There have been many positive changes in the industry throughout Wright’s career. Minimum wage and the Living Wage Foundation have safeguarded cleaners from exploitation. Health & Safety regulations have been introduced, as-well as training developments, equipment and software Innovations. However, for Wright the most significant improvement is the recognition of how important this service is. “When I joined the industry the majority of contracts were completed by part time operatives, working a 2- or 3-hour shift, usually outside of office hours. The introduction of daytime cleaning over the last 20 years has improved massively. We are employing more and more full-time members of staff that view cleaning as a full-time career. Things are definitely moving in the right direction.”

It appears that the Covid-19 pandemic dramatically improved perceptions of the cleaning industry, validating it as an essential service. In mid-Feb 2020 Wright and the Incentive QAS management team began discussing the potential threat of Coronavirus. “We started by discussing ‘if’, followed by ‘when’ then finally ‘what do we do now!’  It was a worrying time for everyone, we were trying to protect the health of our staff, but also their futures.” 

The cleaning industry is a labour reliant market – whether a cleaning contractor or supplier of consumables, equipment and materials or a washroom, waste or pest control service partner. “Thankfully the introduction of the Job Retention Scheme meant that our staff were safe, and allowed us to focus on the next challenges; the supply of PPE, hand sanitiser and keeping commercial and public spaces safe for essential workers. We were having daily commercial discussions with our clients and also trying to look after our staff who couldn’t work from home and had no option to be ‘furloughed’.”

Throughout the pandemic the cleaning industry stepped up across all of the essential front-line industry sectors, providing cleaners and the equipment to keep people safe. Most of the cleaning professionals that continued to work throughout the pandemic were working increased hours, often following new processes and procedures and learning new techniques.
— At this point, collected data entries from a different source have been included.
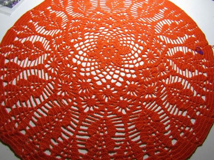 Mit Filetgarn gehäkelt, hat unsere weihnachtliche Mitteldecke ca. 50 cm Durchmesser
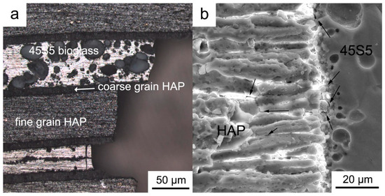 Based on the side profile of the fracture of the HAP/45S5 laminated composite bending specimen depicted in Figure 10a, the crack propagation path within the specimen was observed. Interlayer cracks mainly occurred at the interface between the 45S5 bioglass and the HAP coarse-grained layer, indicating that the bonding strength between the layers of 45S5 bioglass and HAP coarse grains was insufficient, making cracks more likely to propagate along these weak areas. At the same time, during the propagation process, cracks frequently encountered obstacles at the layer interface, leading to deflection or passivation. This made it challenging for the crack tip to advance smoothly along the propagation direction, thereby enhancing the toughness of the ceramic materials [53]. Cracks deflected along grain boundaries after extending into the layers from the interfaces, rendering grain boundaries the primary pathway for crack propagation. In regions where the HAP grains were relatively coarse, some cracks no longer propagated solely along grain boundaries, instead exhibiting transgranular fracture phenomena. Transgranular fracture refers to a crack that passes directly through the interior of a grain, rather than propagating along the boundaries between grains. This type of fracture typically occurs in materials with larger grain sizes and internal stress concentrations. It indicates that the material has poor toughness in these areas and is prone to brittle fracture. In Figure 10b, the cracks in the material are indicated by arrows.
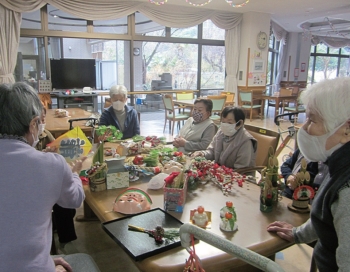 年末を迎え、入居者様と一緒に年越しの準備をしました。まずは一年間お世話になった食堂の大掃除です。「みんなでピカピカにするでー」との掛け声とともに机も椅子も綺麗にして頂きました。そして来年も良い一年になる様にとの願いを込めて、しめ縄作りと飾り付けをしました。「これで正月が迎えられるわ」と笑顔が見られました。よいお年をお迎えくださいね。
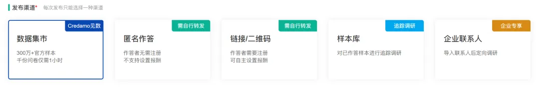 【3】参赛选手可根据项目选题与自身情况,通过账户设计问卷,并寻找相应渠道与被试,收集定性或定量数据;如果通过Credamo见数“数据集市”渠道收集数据,需要支付被试相应报酬;建议参赛选手可选择链接二维码渠道/匿名渠道发布问卷,无需产生任何费用,具体发布方式可参考平台说明与帮助文档。
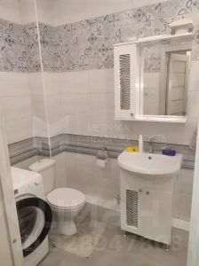 Совмещённый санузел: стильная плитка, ванная и стиральная машина.
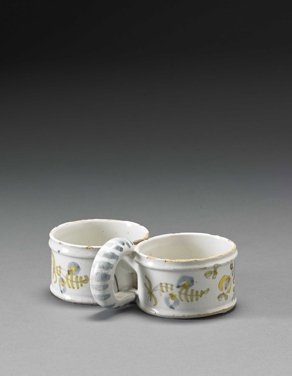 Lotto 708 | Oliera in maiolica in policromia blu e verde con decoro a ghirlanda vegetale....
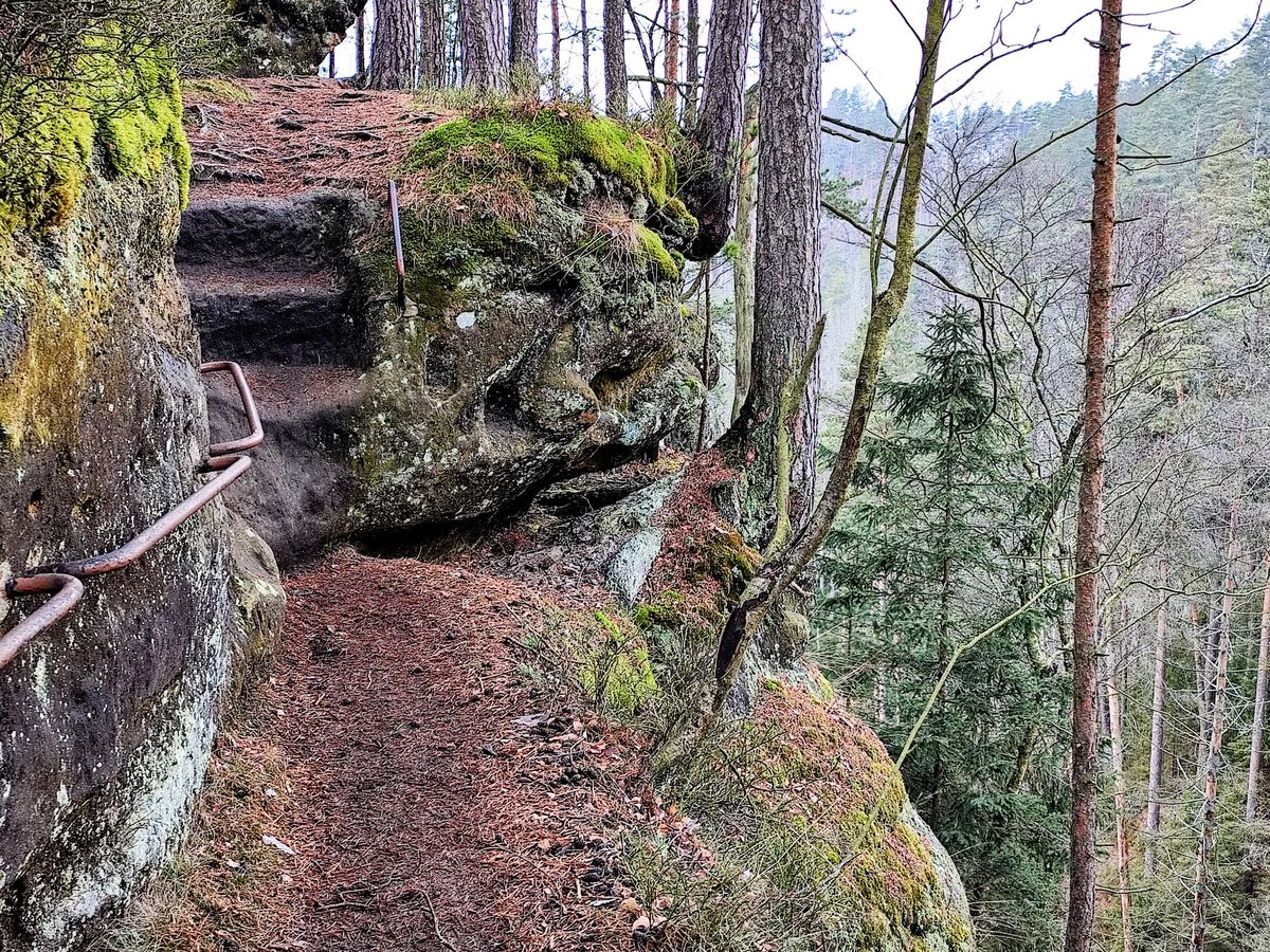 Klikaticí se dostáváme k cíli dnešního výletu. Cestička místy vede snad ani ne po půlmetrové lesní pěšině, napravo se otevírá hluboká strž. Opatrnost je na místě. Bezpečnost nabízí zábradlí, ba i skoby věrně se nabízejíc turistům.

At a management level cleaning companies were becoming trusted advisors to their clients. Advising best practice, how to disinfect properly, how to adjust service delivery in line with government guidance, assisting in the procurement of pandemic stock and re-writing business continuity plans in an ever-evolving situation.

“When the early panic began and we were all getting to grips with what we were facing there were lots of interesting conversations around ‘fogging’ and other preventative cleaning techniques for offices and commercial sites. We needed to explain to clients that in order to be safe we needed to clean the area, before disinfecting it – we had to demonstrate our expertise and explain the correct processes in order for our services to be most effective.”
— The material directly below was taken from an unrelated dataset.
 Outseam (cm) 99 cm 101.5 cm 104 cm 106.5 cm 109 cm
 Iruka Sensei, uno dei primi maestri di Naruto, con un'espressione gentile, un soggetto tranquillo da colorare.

According to Wright and his counterparts cleaning has always been essential in the day to day operating of the country. However, it appears that the pandemic that enforced this message. 

“That momentum needs to remain. We need to ensure that the cleaning industry maintains its place at the top table as an essential service. The operatives that work in our industry deserve respect and recognition for their work. We need a collective approach across all areas of the cleaning industry, to promote the message that cleaning is a frontline service. Without the cleaning industry the world would be a very different place right now.” 

The British Cleaning Council continue to lobby government on behalf of the industry to improve recognition and The Worshipful Company of Environmental Cleaners have launched their Chartered Practitioners Award to promote the cleaning industry as a recognised profession. Numerous associations and committees such as the CSSA, CHSA, ISSA, BICSc are working tirelessly to promote the industry. 

“We need to congratulate, reward and thank the many cleaning professionals we encounter on a day-to-day basis. Make them feel valued as often as possible – they deserve it!” concludes Wright.